With real-time crawler and selenium, there are a lot of advantages including:

Easy scraping
Every successful request has a guaranteed 100% success rate
No need for extra coding
Automated web scraping processes
There is a built-in tool for proxy rotation

Selenium Web Scraping by Locating Elements

Find_element

There are different functions that you can use to find elements using selenium on a page:

Find_element_by_id
Find_element_by_name
Find_element_by_xpath
Find_element_by_link_text (that is using text value)
Find_element_by_partial_link_text (that is by matching some part of a hyperlink text)
Find_element_by_tag_name
Find_element_by_class_name
Find_element_by_css_selector (that is using a CSS selector for id class)

For example, lets locate the H1 tag on limeproxies homepage using selenium

<html>

    <head>

        ... something

    </head>

    <body>

        <h1 class="someclass" id="greatID"> Partner Up With Proxy Experts</h1>

    </body>

</html>

h1 = driver.find_element_by_name('h1')

h1 = driver.find_element_by_class_name('someclass')

h1 = driver.find_element_by_xpath('//h1')

h1 = driver.find_element_by_id('greatID')

You can also use the find_elements function to return to a list of elements:

all_links = driver.find_elements_by_tag_name('a')

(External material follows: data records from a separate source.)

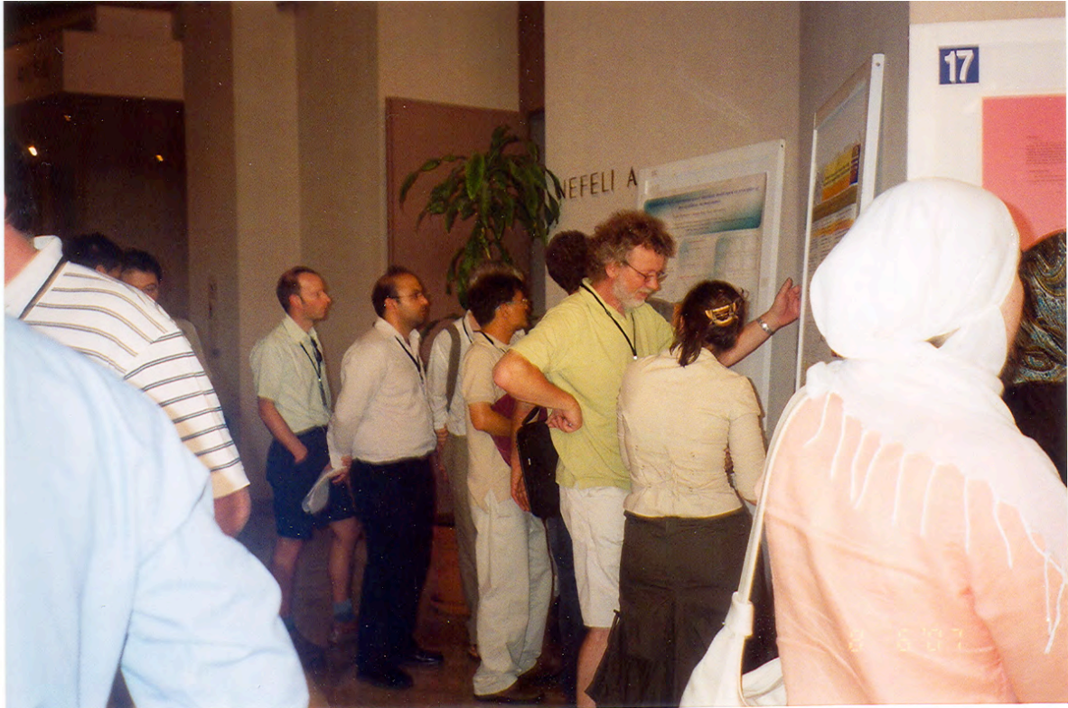
Picture 3. Delegates during the poster session of the Workshop.
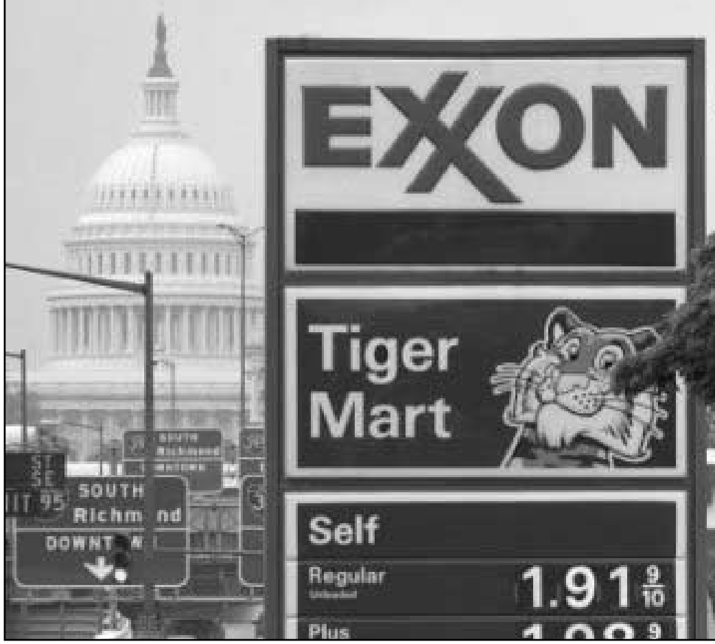
The power in front of White House
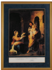
1993-94 Holy Family
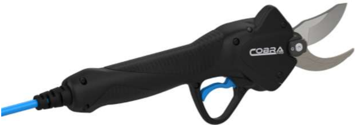
Figure 15 Campagnola Cobra
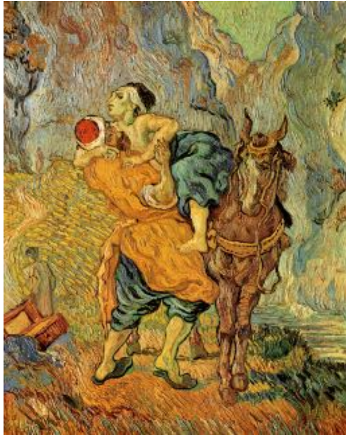
The Good Samaritan 1890 Vincent Van Gogh- Mar 30, 1853 - Jul 29, 1890 (age 37)
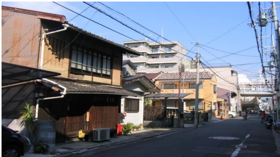
Figure 20: Backstreet scene, Kyōto, Nakagyō-ku, 2009

ring of conservation ( hōzon , 保存) around the outskirts that should maintain its historical and natural landscape; the central city that should be harmoniously ‘reclaimed’ and revitalized ( saisei , 再生); and a block running south from Kyōto Station that should ‘create’ ( sōzō , 創造) a space in which new urban functions are accumulated. Among the numerous problems this outline presents is the fact that many properties of recognized historical value, such as Nijō Castle, Nishihongan-ji and the Gosho (imperial palace), are located in the reclamation zone in the centre of the city.
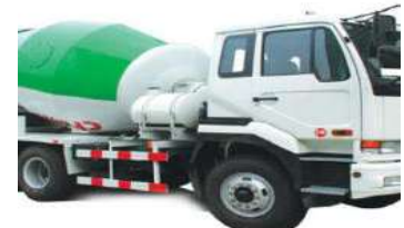
Concrete Mixing Truck
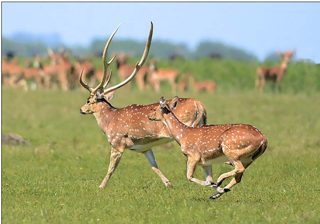
Figure 1. Axis axis in Argentina.
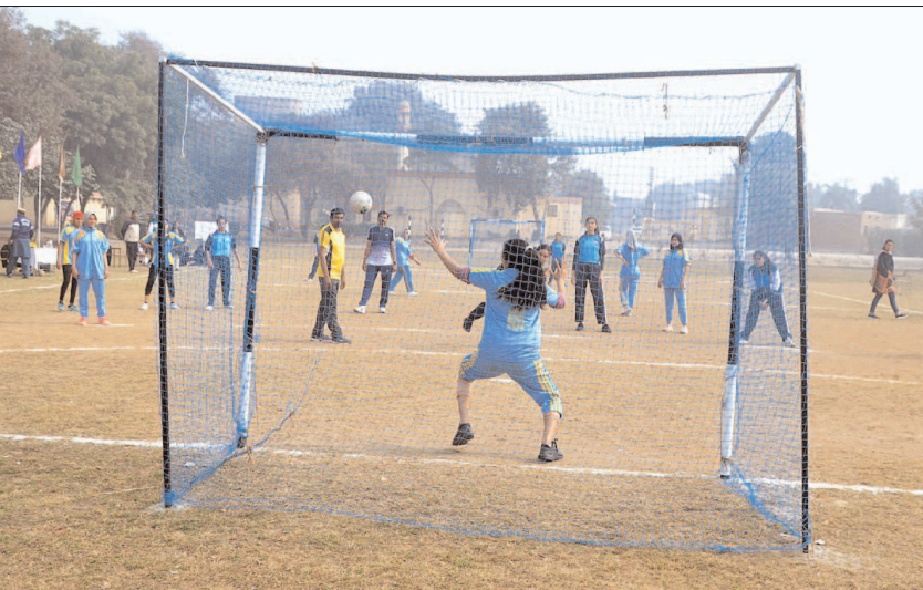
MULTAN: Players in action in handball match played between Mardan Board and Lahore Board teams during Pakistan Inter Board Girls Handball C'ship.

While Root is more renowned for his efforts with the willow, the 33-year-old collected five wickets against India with his more than handy spin - and even opened the bowling for England during the second innings.
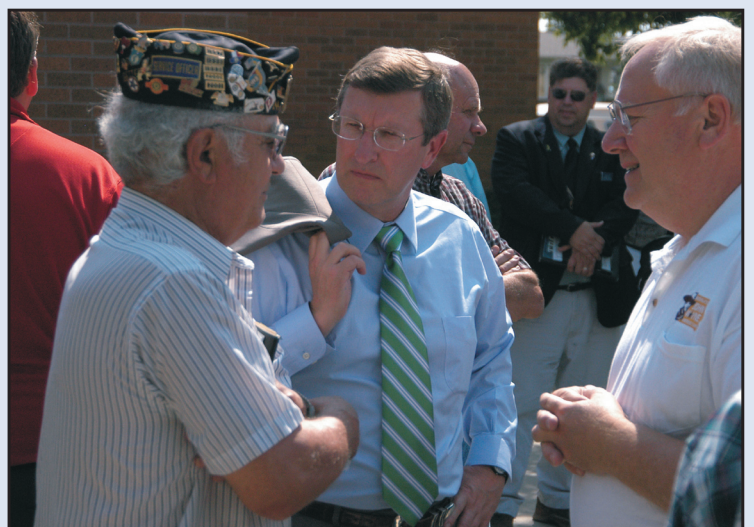
Dickinson – Senator Conrad meets with veterans at the opening of the new VA community based outpatient clinic.

Senator Conrad's budgets have also met the funding requested in the independent budget put forth by America's leading veterans organizations.
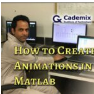
How to create animation in Matlab?
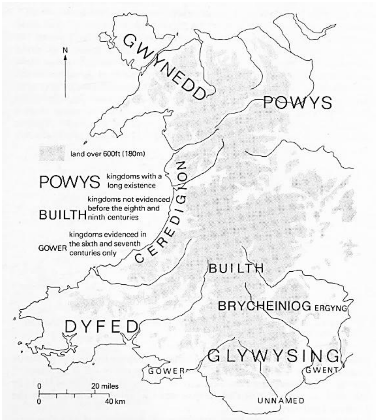
Figura 2 Early medieval Welsh kingdoms (W. Davies, Wales in the Early Middle Ages , 91).
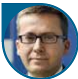
CARLOS MOEDAS Commissioner for Research, Science and Innovation, European Commission

Doing this will provide you with all anchors in a page. Some elements are however not easy to access using an ID or class, so you would need XPath.

WebElement

In selenium, WebElement represents an HTML element. The following are some of the most common actions:

Element.text (to access text element)
Element.click() (click on element)
Element.get_attribute(‘class’ (to access attribute)
Element.send_keys(‘mypassword”) (send text to an input)

XPath

XPath is a syntax language and can help you find an object in DOM. It finds the node from the root element using either a relative path or an absolute path. Example:

/ : select node from the root. /html/body/div(1) will find the first div
//: select node from current node irrespective of their location. //form(1) will find the initial form element
(attributename=’ value’): a predicate. It finds a specific node or a node with a specific value

//input[@name='email'] will find the first input element with the name "email".

<html>

 <body>

   <div class = "content-login">

     <form id="loginForm">

         <div>

            <input type="text" name="email" value="Email Address:">

            <input type="password" name="password"value="Password:">

         </div>

        <button type="submit">Submit</button>

     </form>

   </div>

 </body>

</html>

Render Solutions for Slow Websites

Some websites have a lot of JavaScript in their encoding to render content. It can be a bit tricky to deal with this as they also use a lot of AJAX calls and this issue can be solved in any of the following ways:

Time.sleep(ARBITRRY_TIME)
WebDriverWait()

Example

try:

    element = WebDriverWait(driver, 10).until(

        EC.presence_of_element_located((By.ID, "mySuperId"))

finally:

    driver.quit()

This way, the located element can be loaded after 10 seconds.

Using selenium for web scraping will make the job easier for you, especially if you are new and learning the basics. Even though selenium web scraping is efficient, you may need to perform large scale scraping and require an already built tool that would facilitate your data extraction process. A real-time crawler is an example of such a tool and in combination with selenium, you can expect great results.